Her father’s voice was suddenly detached, as if he were talking to one of his clients at his law firm, explaining why the case was a loser and he wouldn’t take it to court. As her father, Brad knew he had no responsibility here. Educating a daughter about the hazards of dating and premarital sex fell squarely under the purview of maternal responsibility. Fathers brought home a regular paycheck, killed spiders, and took out the garbage. The other stuff was for women to handle.

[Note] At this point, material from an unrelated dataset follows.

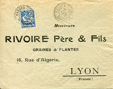 French Levant: 1910 (13 April). Cover to France franked with 1pi Turkish Currency surcharged 25c Levant stamp tied by RHODES * TURQUIE D’ASIE datestamps. Reverse 16 April Smyrne transit and 21 April Lyon arrival cds’s.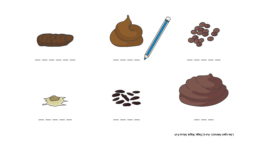 Und übrigens: Nicht nur wir gehen auf Toilette und müssen pupsen – auch die Tiere tun das. Rehe zum Beispiel machen kleine dunkle Kügelchen, die fast wie Schokodrops aussehen (aber bitte nicht probieren!). Bei uns Mäusen sind es auch kleine längliche Köttel, wie braune Reiskörner. Elefanten und Kühe dagegen hinterlassen richtig große Fladen – manchmal so groß wie ein Teller! Hunde machen ähnliche Häufchen wie Menschen. Und Vögel? Die machen Pipi und Kacka gleichzeitig: Das sieht weiß und flüssig aus und landet manchmal genau da, wo man es nicht haben will … Habt ihr das auch schon mal irgendwo gesehen? Vielleicht auf eurer Fensterscheibe?

His rage cut through her, splitting her heart in two. “I know, Daddy, and I don’t know what I was thinking.” That wasn’t true. She remembered exactly what she’d been thinking as Nick slipped his hand inside her panties.
I don’t know him well enough to be doing this, but it feels so good, and everybody else is already doing it, and if we’re careful, nothing will happen, and if I don’t do this, he won’t like me anymore, but if I do it with him, he’ll be my boyfriend and he’ll love me, and I won’t be a weirdo anymore
.
“And what do you and this Nick person propose to do about it?” Her parents were taking turns interrogating her, but neither offered up even a modicum of sympathy or understanding. They weren’t doing the good cop/bad cop thing; they were both bad cops.
“I haven’t told him yet. I thought he was away for the summer, but he’s here. I’m going to tell him tomorrow. I wanted to tell you first. I don’t know what to do next.” That was the truth, and that was why she had wanted to tell her parents. They would know how to handle this. They would make it all right again — that was what parents were supposed to do. “I want you to help me figure out what to do. Please?”
Her father grunted, and Grace could just barely make out his face in the dim light of the candles flickering on the glass-topped table next to his chair. His lips were clamped tight shut, almost disappearing inside his mouth, and his fists were clenched in his lap. Turning to her mother, he said in a monotone, “Betsy, I’m done. Take care of this. I don’t want to hear another word about it.” Saying nothing to Grace, avoiding her eyes, brushing past her hand as she reached out to touch him, he stormed back into the house, his shoes crunching on the pieces of broken pottery. The door slammed behind him, and the glass panes rattled.
“Mom, I’m sorry. I know it was stupid. I made a terrible mistake. Please forgive me,” Grace whimpered as she crawled across the floor, not caring that pieces of the broken cup were cutting her palms, to where her mother sat on the old wicker settee.
Craving some sign that although she may not be forgiven — Grace knew that would probably take years — she was still loved, Grace reached for her mother’s hand, tried to rest her head on her mother’s lap. But Betsy pulled her hand away, crossed her legs, and stared out into the dark yard.
“Mommy, please, I need you.” Grace was begging for what she felt in her heart was her right, in spite of what she’d done, but it was no use. A wall had been erected between them, and no amount of pleading would be enough to tear it down, or carve even a tiny doorway. Although her mother was less than a foot away from her, Grace had never felt more alone.